We’ve written at length about the things to do to keep your dog from barking all the time, but it’s worth considering what that bark actually means.

As Cesar Milan notes, dogs don’t lie. The bark is a window into their personality; into a set of needs and preferences.

Scratching your head? Here are a few of the possibilities in play.

Often, a bark can be a sign that a dog is overindulged.

A dog at the center of a manic household is a dog that’s likely to be badly behaved. Just like spoilt children, dogs whose owners bend to their every whim will use noise to command power.

If you own a dog, by rights you’re the pack leader. And as a pack leader it’s your responsibility to exert calm, assertive control.

Neglect this responsibility and it’s amazing how fast a dog will adopt a higher position in the hierarchy.

Often, a bark is a sign that a dog needs stimulation

Barks canbe a social cue; a way of saying hello. But long, drawn out volleys of noise indicate a “degree of urgency”, says dog psychologist Stanley Coren.

Often, the problem at play is boredom.

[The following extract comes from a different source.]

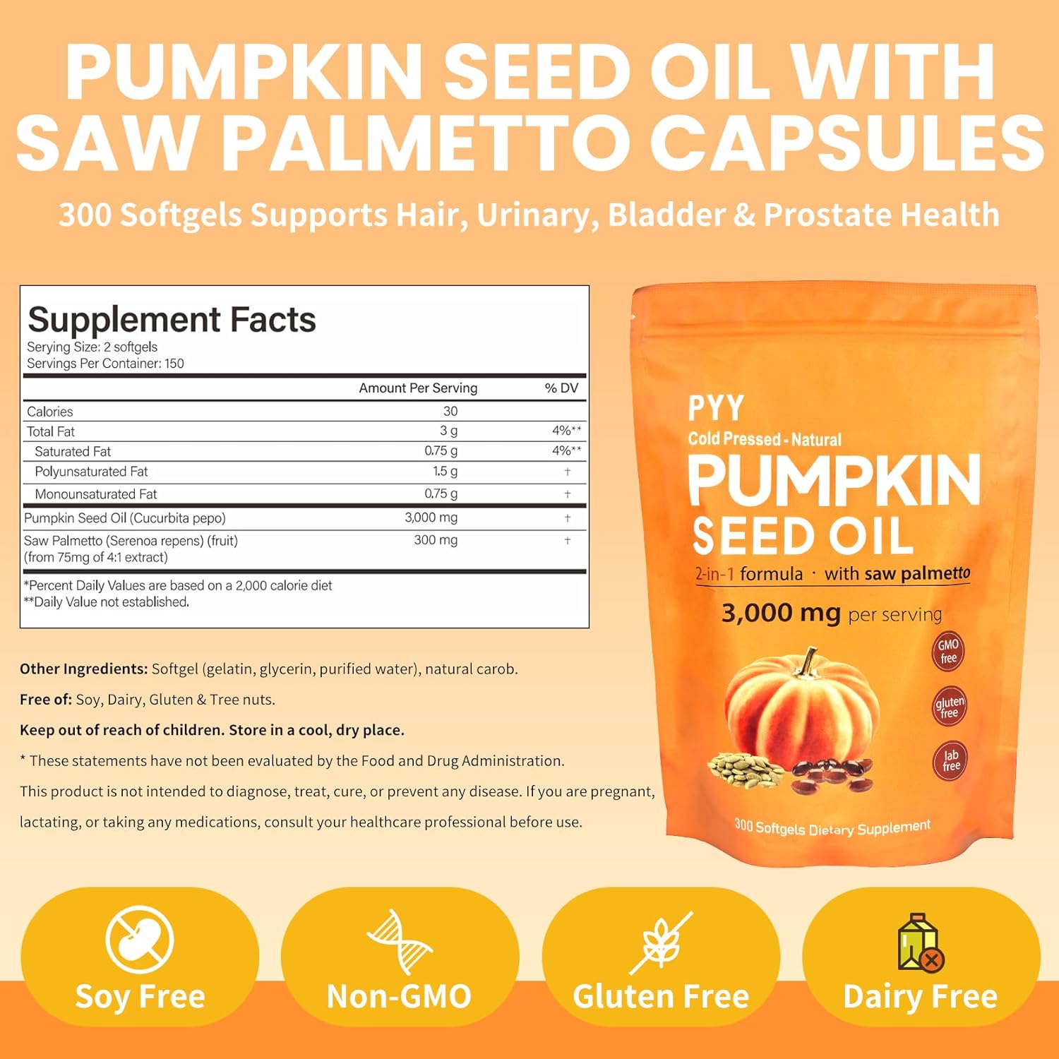 PYY Cold-Pressed Pumpkin Seed Oil & Saw Palmetto Softgels | 300 Count | Rich in Essential Fatty Acids & Phytosterols | Promotes Healthy Hair, Urinary Function, Bladder & Prostate Support

An unstimulated animal is an unhappy animal – and especially when it comes to our canine friends. As we noted in a previous post on the topic, plenty of exercise paired with a toy or two should help the situation.

Often, a bark is a sign a dog is scared

Rescued pups often develop psychological trauma and then take this trauma into adulthood. A dog that cowers and/or barks at strangers is essentially telling you he’s scared. Animals like this will often end up retreating and finding a place to lie low.

The mistake is to try and coax him from this position, as coaxing him with food – the default play – only rewards the behavior.

Always pay particular attention to your energy. If you are hesitant to approach, and offering food in a meek manner, you’re almost fueling the idea that you’ve got a difficult animal on your hands.

A far better approach? Play the authoritarian leader. As Cesar Milan aptly puts it: “‘You just have to bring him out and get him out; bring him out and get him out. Then he sees he doesn’t have a choice.’”

Often, a bark is a sign that we’re stressed

Dogs can read our energy amazingly well. They’re very sensitive to the way we’re feeling. So if you’re presiding over an unsettled household, chances are your dog will feel the strain.

In fact, some canine psychologists believe it’s the smell of fear that dogs react to. Our bodies release pheromones when we’re under duress.

Sometimes, it’s wise to look inwards first.